冷たい水で体を冷やせると思ったジエルは油断していて、ジエルと五感を共有している魔王も油断していた。
――その時であった。
茂みの中から獣が突如として現れジエルに鋭い牙を向けてきた。
「ひいいいっ!?」
突然の襲撃にジエルは悲鳴をあげたが、声を出す前に触手刀で獣の胸を貫いていた。獣は白い毛がところどころに混じった狼で、触手の貫通している胸からは赤い血が溢れ出てきている。
ジエルのスライムの体は心臓が高鳴るように脈動していた。
「びっくりした……」
『これはシラガオオカミよ。水場が近いのなら獣も近くにいるに決まっているか。それにしても油断していたとはいえ直前まで反応できなかった。森の中の獣は気配を消すのが上手だわ。用心して進みましょう』
ジエルは触手刀を意味もなく辺りに振り回しながら森の中を進み始めた。
『ヤケになったら逆に気配を感じにくくなるわよ。それとさっきは魚にやるみたいに狼の胸を背中まで貫いていたけど、できれば首筋を切り裂くか内臓を破壊した時点で刃を戻すようにしなさい。
敵の数が多いと触手を引き抜いている隙に袋叩きにあって殺されるし、いちいち全力で貫通させていたら体力が持たないわよ』
「わかった」
ジエルは触手を振り回すのを止め、カニのように2本の触手刀を構えながら歩き続けた。
「水だぁ!」
綺麗な川を見つけたジエルは嬉しそうに飛び込んだ。
「ふひー、冷たくて良い気分」
『暑かったぶん格別……これだけ綺麗なら飲むのに問題は無いでしょう。水の心配が無くなってひと安心だわ。食料も獣がたくさんいるから問題は無い。この島でしばらく暮らしていけそう』
ジエルは流水にスイカのように浸かっている。蒸し暑い森を歩いていたジエルは冷たい水に浸かれて快適な気分になっていて、魔王もジエルを通して快適さを味わっていた。

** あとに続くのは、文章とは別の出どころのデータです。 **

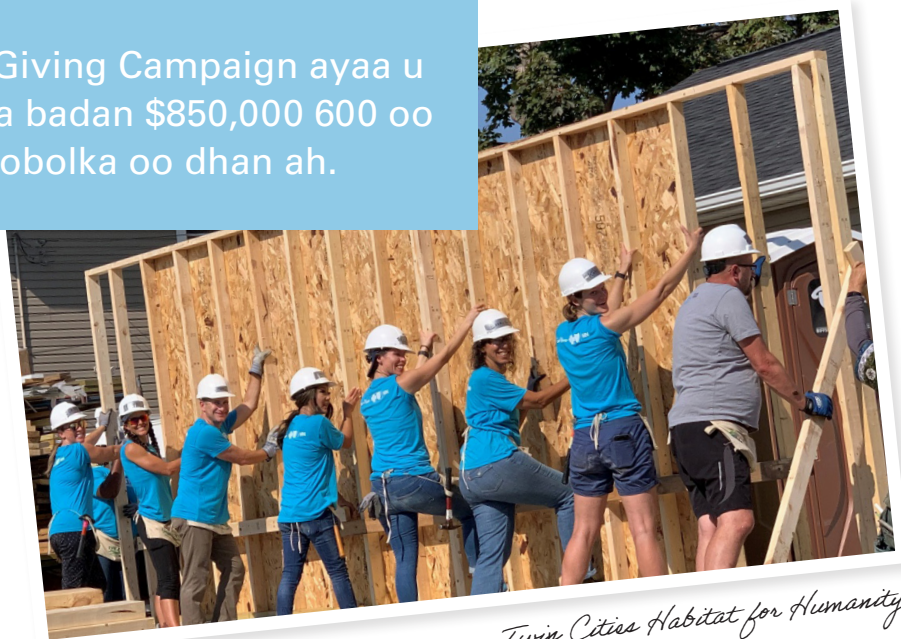
Twin Cities Habitat for Humanity

Community Giving Campaign ayaa u ururiyay in ka badan $850,000 600 oo samafal ah gobolka oo dhan ah.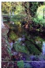
Evreux — L'Îton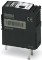
Replacement plug for PLUGTRAB PT-IQ controller for power supply

Please be informed that the data shown in this PDF Document is generated from our Online Catalog. Please find the complete data in the user's documentation. Our General Terms of Use for Downloads are valid ( http://phoenixcontact.com/download )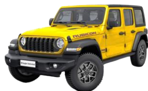
žltá High Velocity 1 150 €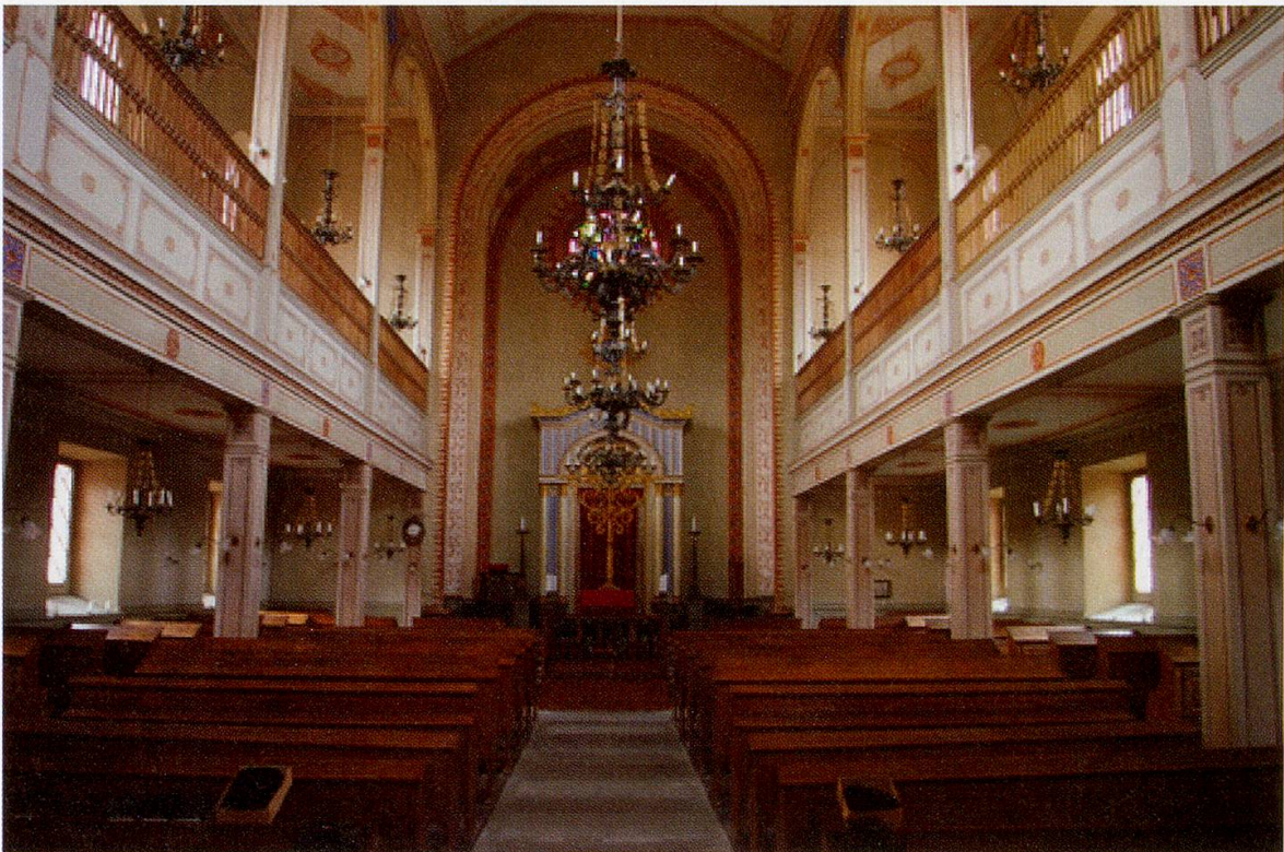
Synagoge von Lengnau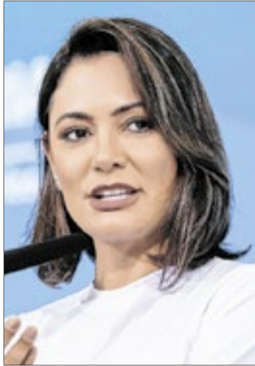
Michelle busca estancar as críticas nas redes sociais

Na avaliação desses dirigentes, Michelle busca estancar as críticas nas redes sociais, mas não abrirá mão de uma eleição muito bem encaminhada ao Senado pelo Distrito Federal. Afinal, o mandato manteria a ex-primeira-dama no holofote da política nacional pelos próximos oito anos.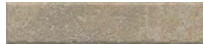
26313 Брюссель бежевый матовый 6x28,5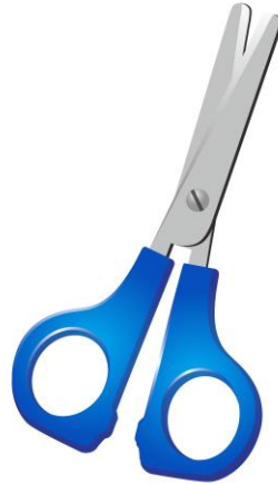
Tijeras punta roma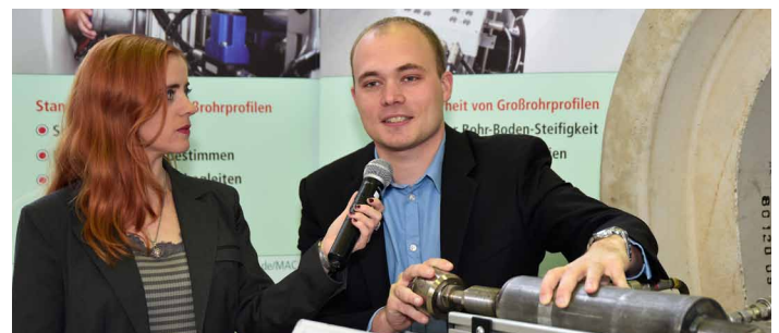
Ausstellerinterviews – live übertragen in den Vortragsaal

Die Kanalreinigung hat sich über die Jahre zu einer hochkomplexen Angelegenheit entwickelt. Der KanalReinigungsCongress – KRC 2019 vermittelt das aktuelle Wissen ganz nah an der Praxis – mit fundierten Fachvorträgen, einer großen Fachaussstellung und Ausstellerinterviews.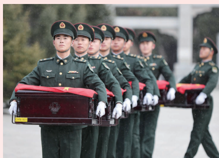
志愿军烈士遗骸及相关遗物回到祖国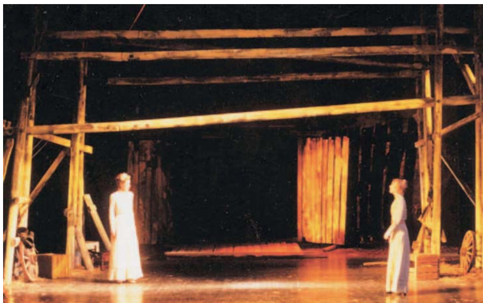
Eesti Draamateatri arhiivifoto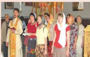
Молитва в православном храме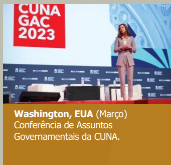
Washington, EUA (Março) Conferência de Assuntos Governamentais da CUNA.

Os executivos do WOCCU interagiram com nossos membros e suas cooperativas afiliadas em eventos nos cinco continentes em 2023: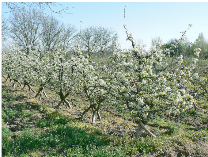
Рис. 3. Самоопорный тип сада способом выращивания «штамбовая пирамида» деревьев груши на айве ВА-29

Fig. 3. Self-supporting type of garden by growing a "standard pyramid" of pear trees on VA-29 quince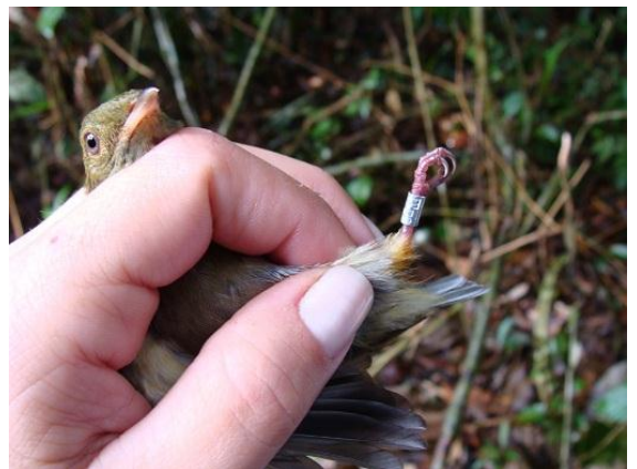
Figura - 6 – Espécime anilhado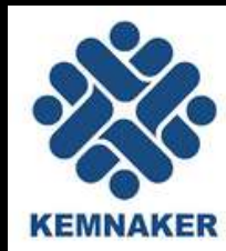
No Kelembagaan Kemnaker RI : 1909352401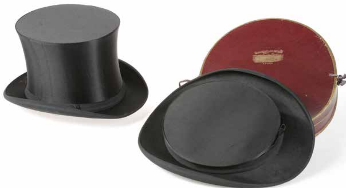
Gibus La Chapellerie Atelier-Musée du Chapeau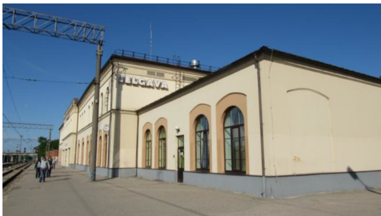
Елгава. Железнодорожный вокзал

Лешку скрючило на вокзале в Елгаве: резкая боль накатами набрасывалась на желудок. Лешка громко стонал, почти кричал. Беспризорная братия живо подхватила его и понесла к стоявшему на втором пути санитарному поезду.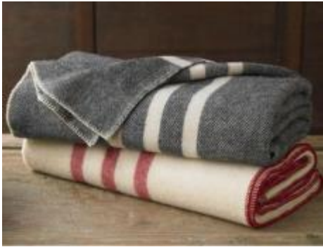
Глупый вор и умный поросенок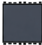
20050 - Poussoir porte- étiq.1P NO 10A gris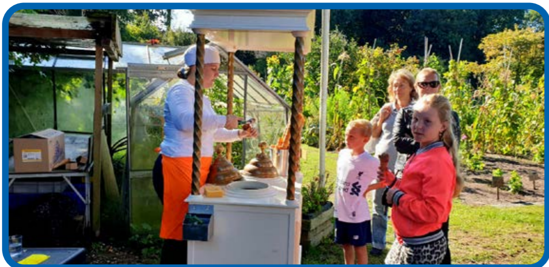
ijskar van Dolomiti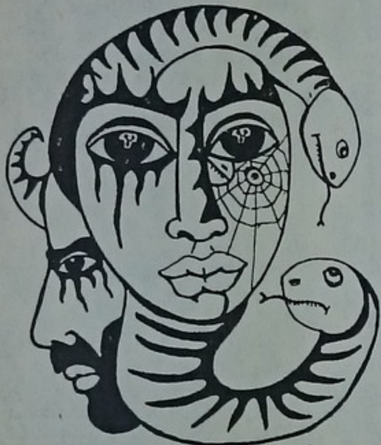
Sz.M. '83 TATA

Doja egy szép napon elhatározta, hogy otthagyja felhőpalotáját és lemegy népe közé. A nap sugarából ru-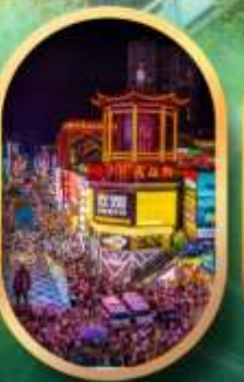
ถนนคนเดินซิงสู่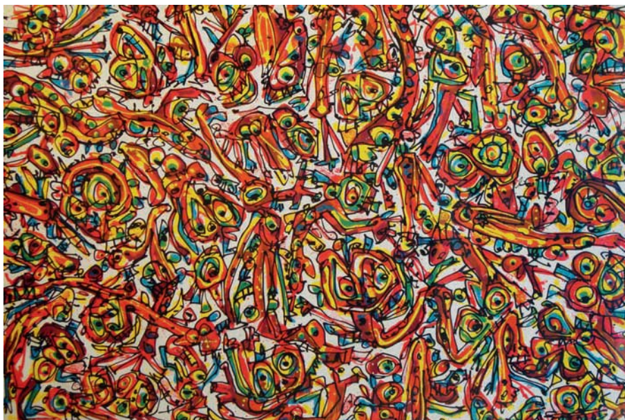
Lote nº 128: ANTONIO SAURA. "Cocktail Party". Litografía 35/125. 59 x 87 cms.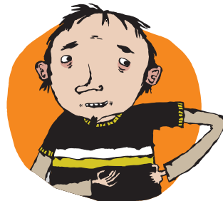
КЛАС, ЧИ ВЧИТЕЛЬ НА ЗАМІНІ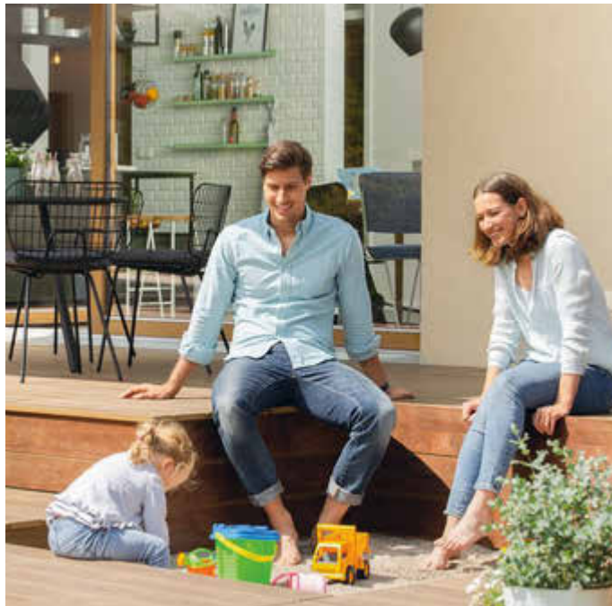
Ein energiesparendes und nachhaltiges Eigenheim wünschen sich gerade heute viele Familien.

mit einer Photovoltaikanlage mit Speichersystem sowie mit Frischluft-Wärmetechnik und einer smarten Haussteuerung ausgestattet. Zusätzlich können alle Ein- und Zweifamilienhäuser mit dem "Qualitätssiegel Nachhaltiges Gebäude" (QNG) zertifiziert werden. Es ist Voraussetzung für die staatliche Förderung. Infos zu den Häusern inklusive 18-monatiger Festpreisgarantie gibt es unter www.weberhaus.de .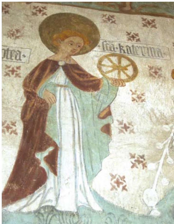
Katarina av Alexandria, avbildad i Tensta kyrka.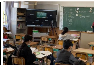
自宅待機が必要な子供たちはZoomで配信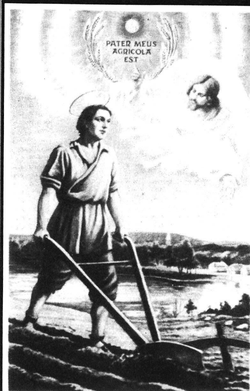
Figure 4 Saint-Isidore le laboureur

MINIATUR PHILIPPI PERREA VS MARANDRILLI ETZ MARTINUS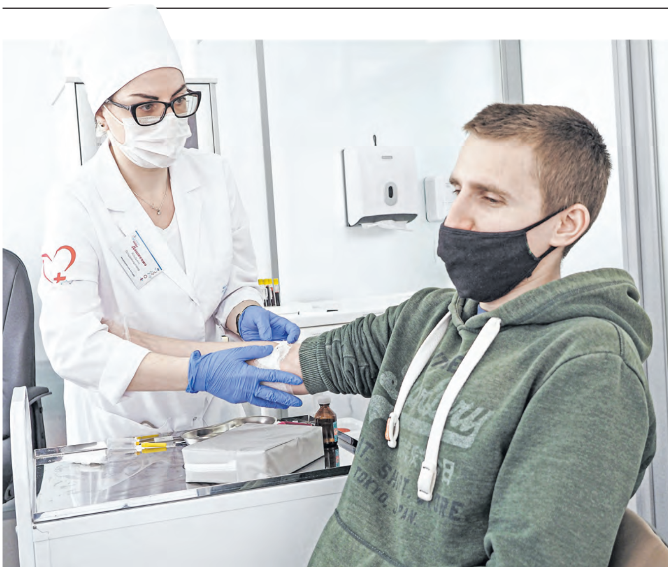
В павильоне «Здоровая Москва» на площади Юности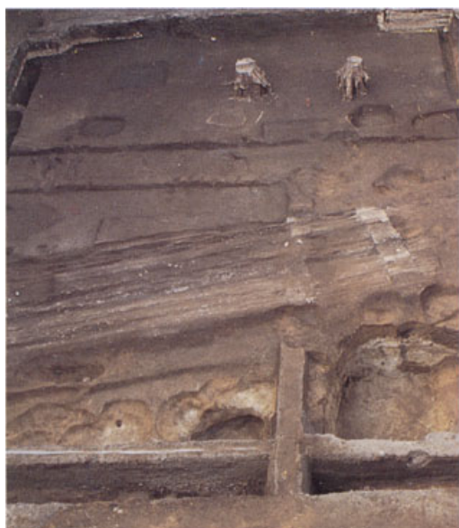
轍の残る近世白川道の遺構（本部構内）

聖護院村の北辺にあたる病院構内南辺には、幕末の歌人 おおた がきんげつ 太田垣蓮月（1791～1875）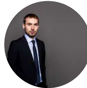
Шипулин Антон Владимирович

Учредитель, Председатель Правления Фонда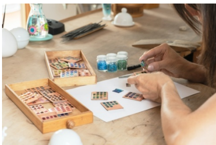
Choix des couleurs de poudre d'émail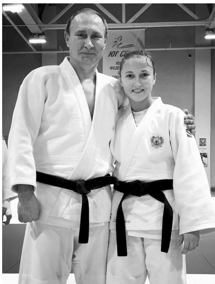
Президент России Владимир Путин с мастером спорта международного класса по дзюдо братчанкой Ириной Долговой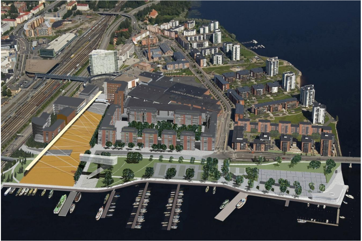
KUVA 6 Havainnekuva valmiista Lutakosta

Lutakossa oli vuoden 2011 lopussa 2680 asukasta ja noin 1700 asuntoa. Viimeisen vaiheen asuintalojen valmistuttua Lutakossa asuu noin 3500 ihmistä (Moisio 2012). Taulukossa 1 on esitetty Lutakon tarkempia väestötietoja ja vertailtu näitä lukuja muun kantakaupunkialueen ja koko Jyväskylän vastaaviin lukuihin. Väestötietojen vertailussa Lutakon kohdalla merkille pantavaa on pieni työttömyysaste sekä korkeakoulutettujen suuri osuus ja keskitulojen korkeampi taso vertailukohteisiin nähden. (Jyväskylän kaupunki, Asuntotoimi 2012; Jyväskylän kaupunki, Sosiaali- ja terveystoimi 2012; Jyväskylän kaupunki, Tietoa Jyväskylästä suuralueittain 2012.)

またもやジエルと魔王は油断していた。水の流れる音で周囲の音が聞こえにくい。
「……んー?」
ジエルが何かの気配を感じた時の事であった。
――シラガオオカミがジエルの体に噛みついた。
「ひいいっ!?」
サッカーボール程の大きさのジエルは狼に比べると小さく、上下の牙は簡単そうにジエルの全身を挟んでいた。ジエルは自分の体が軋む音を聞いた。
『クソッ、また油断した! 反撃なさい!』
ジエルは半狂乱で2本の触手刀を振り回す。刃が狼の体のどこかに当たり、驚いた狼はジエルを口から離した。距離をとった狼の胸をジエルの触手刀が貫く。触手は背中まで貫通していた。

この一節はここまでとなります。